Small Great Things will be published on October 11, 2016. I love Jodi Picoult’s novels because they usually tackle a time relevant and profoundly sensitive issue, causing readers to step back and take a look at things from different points of view. Small Great Things is written in the same manner, but this time Picoult explores the heavily debated and recently newsworthy issues of prejudice, race, and justice. This is one of my favorite Picoult novels, ranking up near the top with Change of Heart and The Storyteller.
On a routine shift in the labor and delivery ward at Mercy-West Haven Hospital where Ruth Washington has been a nurse for 20 years, her life changes dramatically based upon a family member’s request. Ruth is assigned to postpartum care of the mother and routine infant care for the Bauer family, who she quickly learns are white supremacists. Ruth happens to be the only black nurse on the ward, and the Bauers request that she is not allowed to care for their infant son solely because of the color of her skin. Though hurt and embarrassed by the hospital’s actions in not allowing her to care for a patient despite her stellar work record, Ruth tries to move on and focus on caring for patients, for which she is more than capable. However, when Davis Bauer goes into cardiac arrest after a routine procedure, Ruth is the only one in the room with him. She hesitates, knowing that she has been forbidden to touch the child, but ends up performing CPR and trying to save Davis’s life. Tragically, Davis Bauer dies. As expected, Turk and Brittany Bauer are out for justice and revenge, believing that Ruth Washington is the sole reason their son perished. Ruth finds herself on trial with a white public defender who has not yet defended anyone in a murder trial.

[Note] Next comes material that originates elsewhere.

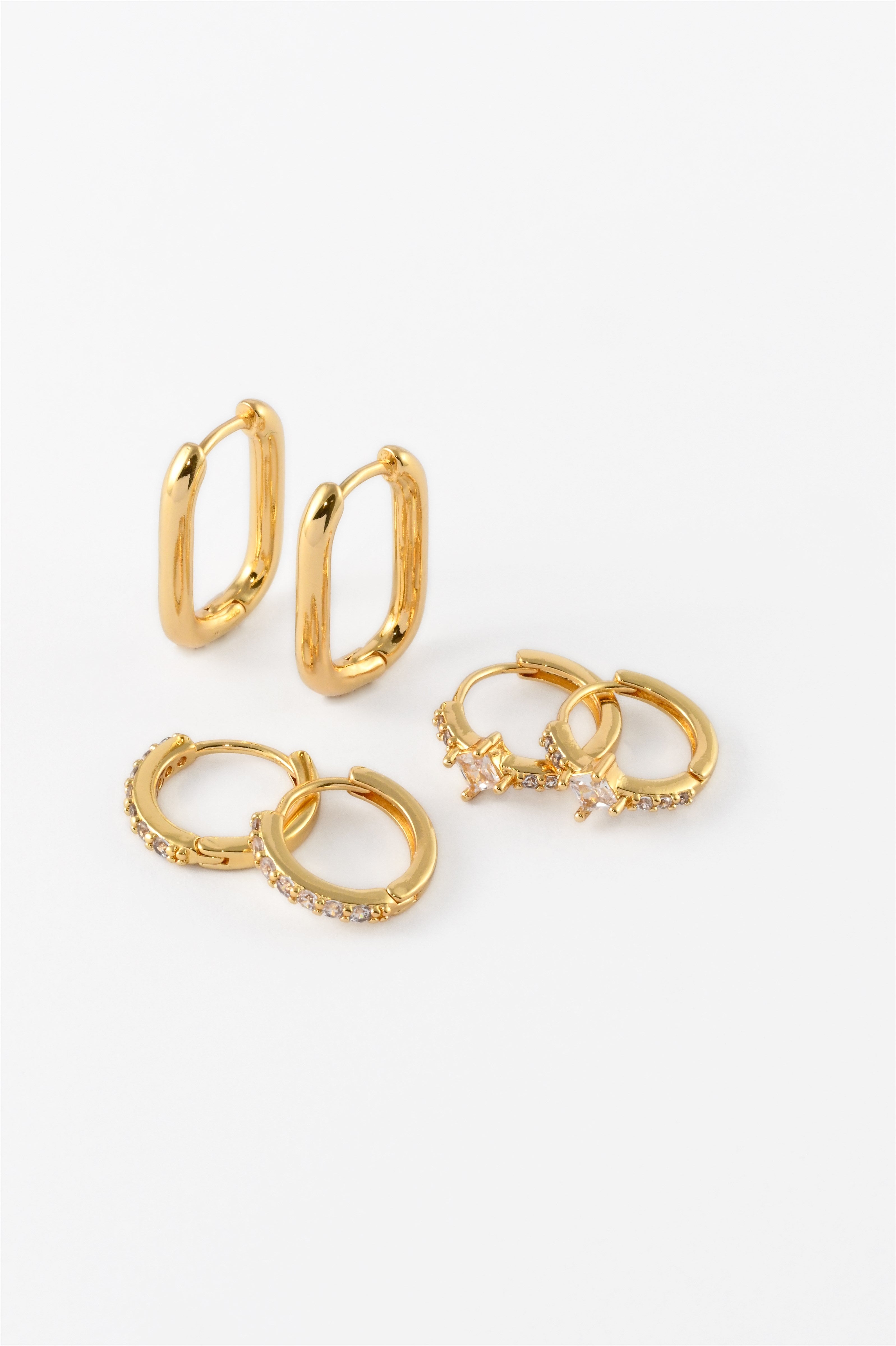 GOLD CZ GEOMETRIC PAVE HUGGIE PACK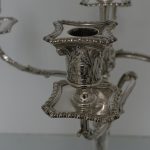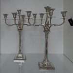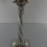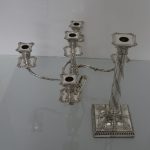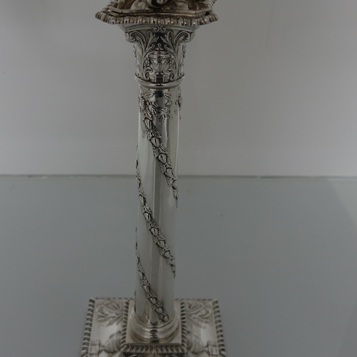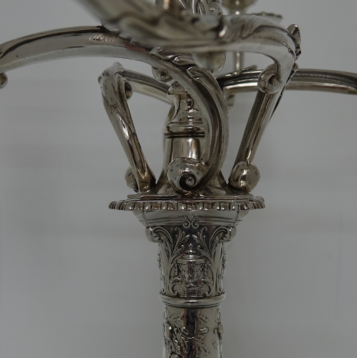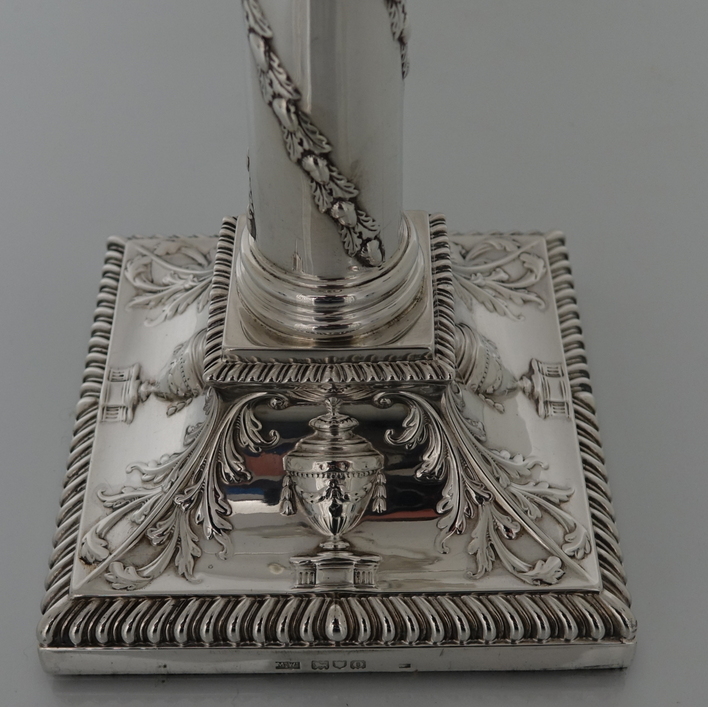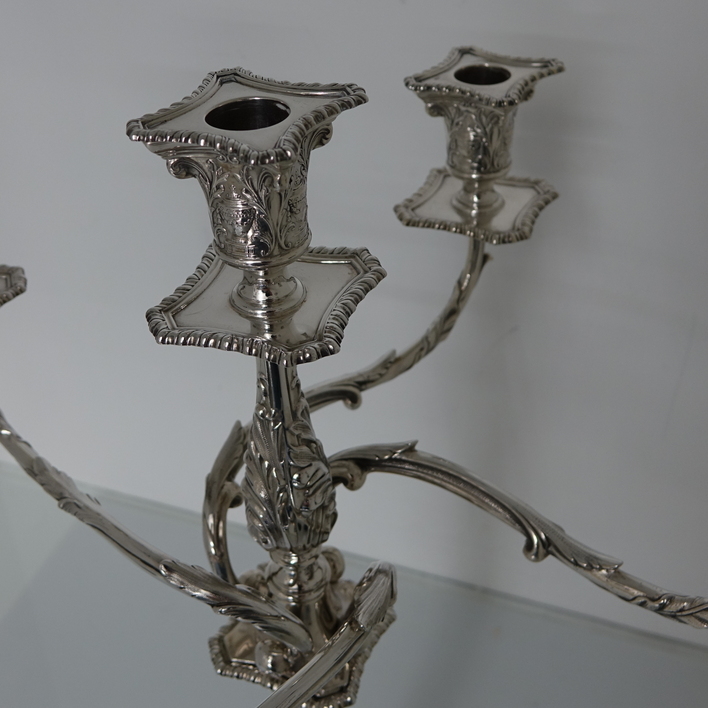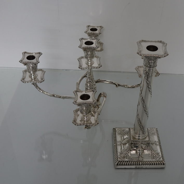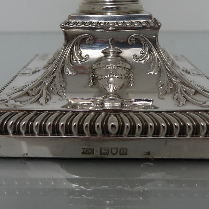 A very stylish pair of silver five-light, square base candelabras with elegantly spread branches. The bases and the capitals of the candelabra have urn and floral decoration and the base boasts a gadrooned border. The columns of the candelabra have spiralling floral decoration. The five branches on each candelabra are ornate and the central column is decorated with foliage. The nozzles and the drip pans have gadroon borders. A stunningly beautifully crafted pair of candelabras.

Ruth’s husband passed away 10 years prior while on military duty, leaving her the sole provider for their son Edison, now a high school student working hard to get into college and be successful. An overly independent woman, she must learn to trust and lean on Kennedy, her lawyer, if she wants to be around for her son’s future.
Kennedy McQuarrie begs her boss to take on Ruth’s case, in part because she wants the challenge of her first murder trial, but also because there is something about Ruth which Kennedy can’t shake. She knows in her heart that Ruth, a nurse who took the Florence Nightingale pledge and cares deeply for her patients, would not deliberately cause the death of an infant. Though she has hundreds of public defender cases open and precious little time, Kennedy throws herself into Ruth’s case with a new fervor, and in the process learns a lot about Ruth, but even more about herself. Kennedy claims that she doesn’t see color, and believes blacks and whites to be equal. She cautions Ruth from bringing up race in the trial, knowing that it will blow any chance of an acquittal. Even though race is the sole reason for the unfortunate tragedy and the underlying reason Ruth is on trial, Kennedy is scared to bring the issue to light in front of the media and jury. As she spends more time with Ruth, Kennedy begins to notice so many things Ruth faces that she would have never noticed before. Readers will be proud of the way Kennedy “grows up” during the course of the story. I know I was.
All in all, this is a wonderful story about human connection, no matter the color of one’s skin. The ending had me teared up, but smiling because the outcome from such an ugly, unfortunate situation turned into something truly beautiful when the final chapter came to a close. The story shows that one person can cause a ripple which can lead to a tidal wave. It only takes a small, great thing to start a change that can affect a great many people.
Picoult does a fabulous job of showing the perspective of two very different sides of racial equality and prejudice. The story progresses back and forth between Ruth, Kennedy, and Turk Bauer. Picoult’s author notes at the end of the story are not to be missed. She explains why she wanted to write a story about race, why she waited so long to do so, and about the real life situation she used as background for Small Great Things. The research she completed for the story is phenomenal and much appreciated.
The title of the book references a quote from Dr. Martin Luther King, Jr. “If I cannot do great things, I can do small things in a great way.” The characters in this story certainly did small things in a great way, as well as Jodi Picoult did by writing this story. Picoult notes that she will get push-back for this story, both from white people and people of color. She knew it wouldn’t be easy or fun, but she wrote the novel “because the things that make us most uncomfortable are the things that teach us what we all need to know.” Well said, Jodi Picoult. I am very grateful you wrote Small Great Things and I truly believe it will change the perspectives of many readers.